There is an infinite amount of data in the world, and each data has its own properties. So when doing data mining and data analysis, we should be sensitive to haphazard data, and it is also a skill to learn to analyze what kind of data belongs to. It would be fun to pay more attention to the data around you and try to classify him.

From a macro perspective, data types can be divided into qualitative and quantitative types.

Qualitative: Variables are quality characteristics, such as gender divided into male and female, which is a kind of trait; Quantitative: Variables are numerical values that can be quantified, such as height and weight. Quantification can be divided into discrete type and continuous type. Discrete type generally refers to counting results, such as the number of boyfriend breaking contracts, while continuous type generally refers to testing results, such as the measurement of girlfriend height and weight.

So how do you measure these data types, that is, how do you hierarchy them

Generally, the measurement of data types can be divided into four types: fixed class, fixed order, fixed distance, and fixed ratio. These four types are progressive from low to high. Advanced types can be analyzed by the analysis method of lower types, but not vice versa.

1. Class variables

Categorization is the definition of a category for data. This type of data classifies the objects under study, that is, it can only determine whether the objects under study are homogeneous or heterogeneous. For example, to divide the sexes into male and female categories; Classify animals into mammals and reptiles and so on.

Attention! Categorization variables follow two principles: (1) classes are mutually exclusive, and there is no such thing as male and female (except for the ladyboy). (2) Every object must have a category, just like every animal has its own phylum and genus

2. Ordering variables

Ordering variable is to divide the objects under the same category into an order, that is, the value of the variable can arrange the height or size of the objects studied, with the mathematical characteristics of > and <. It is a variable of a higher level than a categorical variable, so it also has the property of categorical variable, namely, classification (=, ≠).

For example, the level of education can be divided into college, high school, junior middle school, primary school, illiteracy; Factory scale can be divided into large, medium and small; The age can be divided into old, middle and young. The values of these variables can not only distinguish similarities and differences, but also distinguish the height or size of the research object.
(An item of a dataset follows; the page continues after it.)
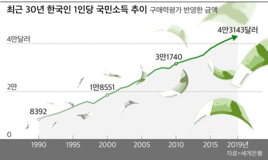 세계은행(WB)의 2019년 집계 기준으로 구매력 평가를 반영한 한국인의 1인당 국내총생산(GDP)은 4만3143달러(약 4800만원)다. 지난 30년 동안 1인당 국민소득이 4배 이상 늘었다. 10년 전인 2009년(2만9644달러)과 비교해도 50% 가까이 증가했다.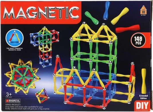 Opdag uendelige muligheder for skabelse med dette farverige magnetiske byggesæt med 148 dele. Kombinationen af plastikstave og metalkugler med magnetiske forbindelser gør det let at bygge 2D- og 3D-konstruktioner – fra simple små huse til avancerede tårne. Ideelt til at udvikle fantasi, logisk tænkning og finmotorik hos børn fra 3 år.

Attention! There is no exact distance between the values of the sequenced variables. For example, there is no definite scale to measure how much higher a university is than a high school, and whether the distance between a university and a high school is the same as that between a junior high school and a primary school. The variable values of ordered variables on each table only have the property of greater than or less than, and can only be arranged in their order, but cannot reflect the quantity or distance of greater than or less than.

3. Distance variables

Distance variable is the variable that distinguishes the rank order and distance of the cases in the same category. In addition to the characteristics of ordering variables, it can also accurately measure the distance between the height and size of each case in the same category, so it has the mathematical characteristics of addition and subtraction. However, distance variables do not have a true zero.

For example, the distance variable of the Celsius temperature indicates that 40 degrees Celsius is 10 degrees higher than 30 degrees Celsius, and 30 degrees Celsius is 10 degrees higher than 20 degrees Celsius, with the same distance between them, and zero degrees Celsius is not without temperature. Another example is the survey of the ratio of workers to the total labor force in several regions. It is found that the ratios of a, B, C, D and E are 2%, 10%, 35%, 20% and 10% respectively. The difference between a and C was 33%, and between C and D was 15%. This is also a distance variable.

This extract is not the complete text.